Не хочу, чтобы создалась иллюзия, что Самойлов дружил именно со мной. Дружил он на самом деле с моей мамой, Евгенией Самойловной Ласкиной, которой посвящено одно из лучших его стихотворений – «Память». Есть пленка поздравления-капустника к маминому пятидесятилетию, где Самойлов их читает. Перед тем, как прочесть стихи он говорит так: «Я мог бы сказать Вам нечто ироническое, ибо ирония присуща мне, я мог бы сказать Вам нечто поэтическое, ибо поэзия привычна мне, но я просто прочту Вам эти стихи, они будут напечатаны с посвящением Вам».
Много лет спустя я делал фильм о великой балерине. Я хотел подарить фильму эти удивительно созвучные с ним стихи, но дама, которая была сценаристкой фильма, отвергла мое предложение. «Это стихи не ее ранга», – сказала она и включила в закадровый текст письма Алексея Толстого и провинциальной поклонницы.
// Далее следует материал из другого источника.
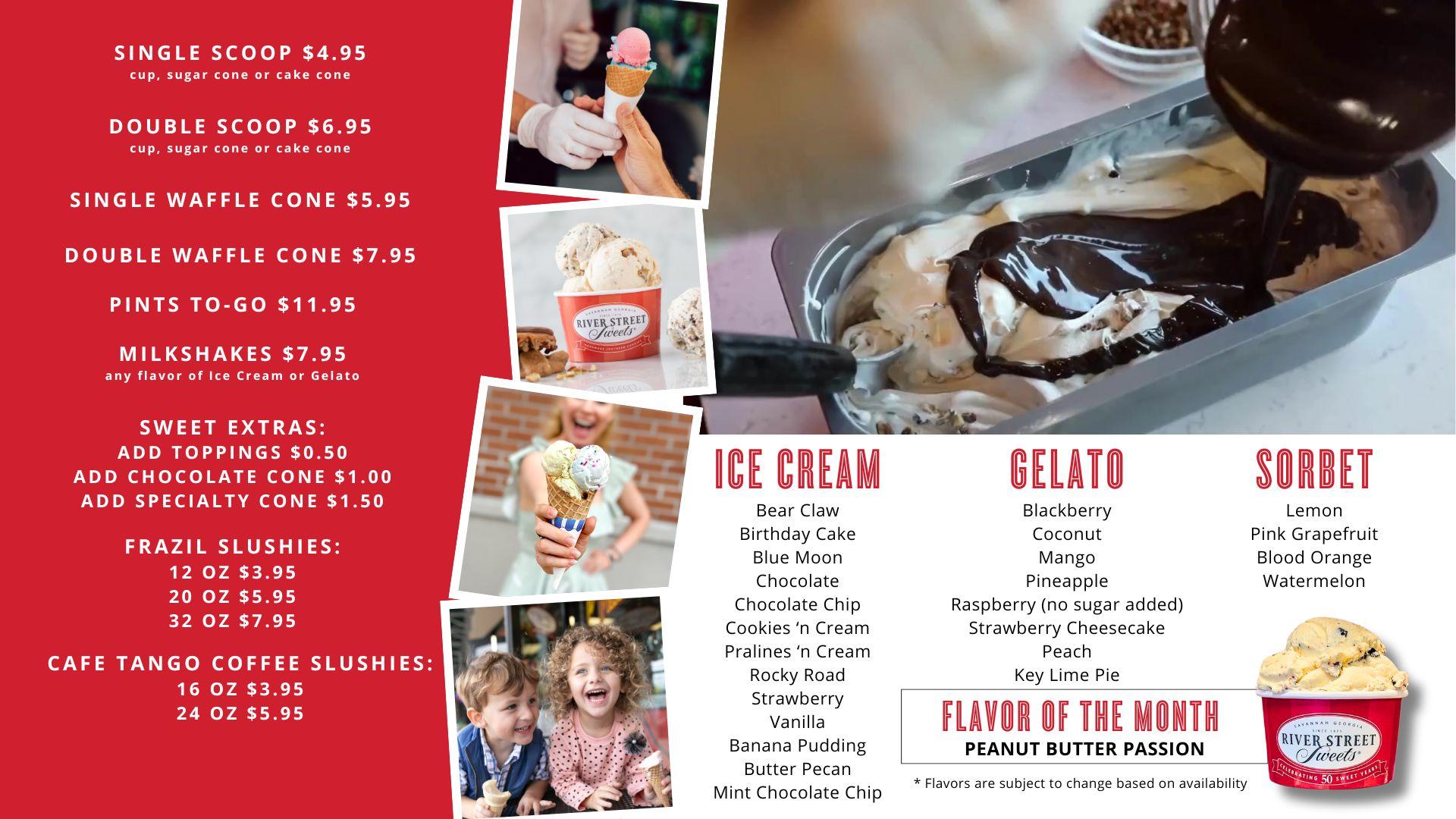 River Street Flagship Store Ice Cream Menu
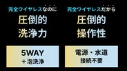 - 完全ワイヤレスなのに圧倒的洗浄力。5WAY+泡洗浄。2.5Mpaの高水圧。
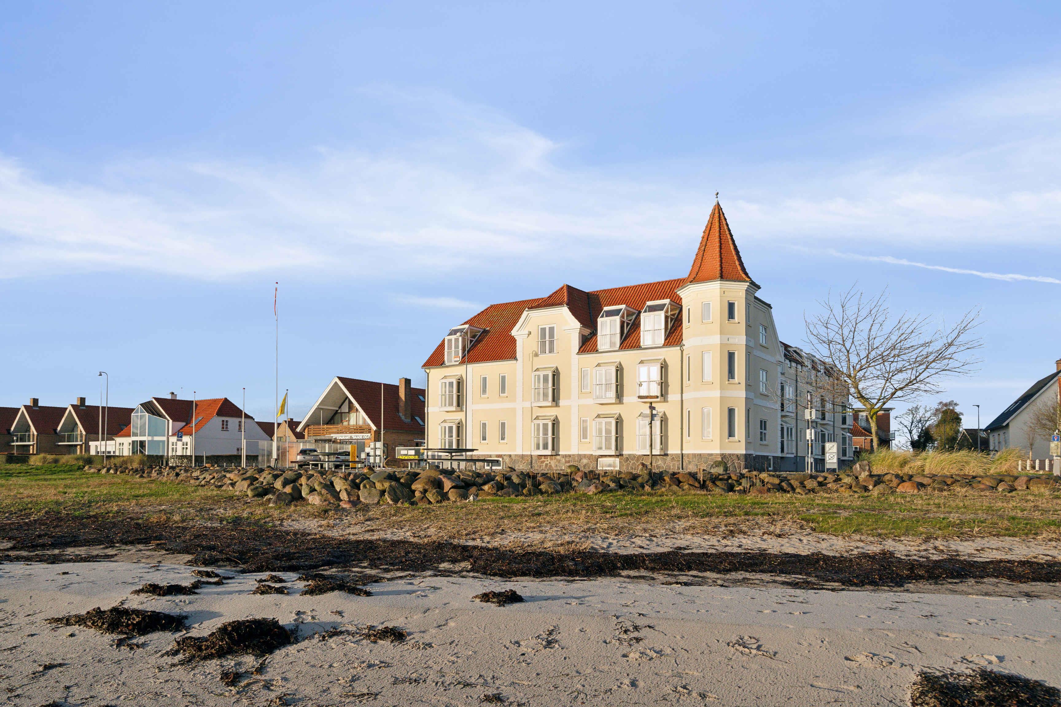 Hyggelig ferielejlighed på Hejlsminde Badehotel med havudsigt, spa og adgang til aktiviteter for hele familien.

Какое счастье, что временами подлежит пересмотру и табель о рангах.
Несколько лет назад я стоял возле гроба Давида Самойловича на сцене Дома литераторов, глядя на стоящего в карауле напротив меня Валю Никулина, лицо которого было бы похоже на трагическую маску, если б по нему не текли редкие слезы, стоял и прощался со своей молодостью. Самойлов был мудр и изощрен, он был совершенен в своем мастерстве, что обычно не присуще молодости, я всю жизнь прожил с его стихами, и буду жить с ними до старости и смерти и все-таки, все-таки он был, есть и останется поэтом моей молодости, потому что в каждом, самом грустном его стихотворении я слышу восторг жить.
Я – разный
Евгений Евтушенко
За 55 лет знакомства я так и не смог определиться в простейших понятиях: кто я ему, кто он мне, как писать о нем – чинно, с именем и отчеством, или коротко, на «ты», как звал его всю жизнь, что в наших совместных историях публично, а что интимно, поскольку и сам он этого не знает, а, читая его автобиографическую прозу, наталкиваешься на такие интимные подробности, что диву даешься, тем более что многие из них – плод поэтической фантазии – не более того. Самую точную характеристику он дал себе сам на заре его поэтической славы. Он и в самом деле «разный, натруженный и праздный, он целе- и нецелесообразный, он весь несовместимый, неудобный, застенчивый и наглый, злой и добрый» – и так далее… во все тяжкие. Тогда казалось, что это – гимн поколения, со временем стало ясно, что это выдающаяся по точности автохарактеристика.
Буквально к каждому из этих и продолжающих стихотворение метафор и эпитетов я могу привести примеры, свидетелем или участником которых я был, подтверждающие его неизбывную противоречивость. Даже размышляя над названием этой главки, я вдруг понял, что и здесь существует та же неопределенность, как ее назвать:
«Женя» – никак нельзя, так зовут и мою мать, и моего сына;
«Евгений Александрович» – во-первых, я его так называл, только когда стремился его обличить или подчеркнуть дистанцию, да и мало ли Евгениев Александровичей – хоть тот же энтэвэшный Киселев.
Заочно мы его называли кто Евтух, а кто Евтух – тут вам и хорей, и ямб, и стальной зрачок петушиного, стремительно-блудливого глаза, но – фамильярно.
Так что, хоть заметки и сугубо личные и не претендуют быть ни критическим эссе, ни памятником, назову его по фамилии, как в энциклопедии – «Евтушенко», а уж там как получится.
Когда-то мы с Евтушенко довольно тесно дружили, а познакомились в середине пятидесятых, когда он зачем-то выбрал в наперсники юного, влюбленного в стихи школьника из интеллигентной семьи. Имело ли тогда для него значение, что я – Симонов? Думаю, имело, но не определяющее. У него тогда только что вышла вторая книжка «Третий март». Осенью 55-го он впервые повел меня в главный вертеп тогдашнего разврата – в коктейль-холл на улице Горького. Я все его будущие стихи про Беллу Ахмадуллину слышал еще в романтических вздохах прозы: «Первокурсница! Яблоко! Челка! Чудо!!!»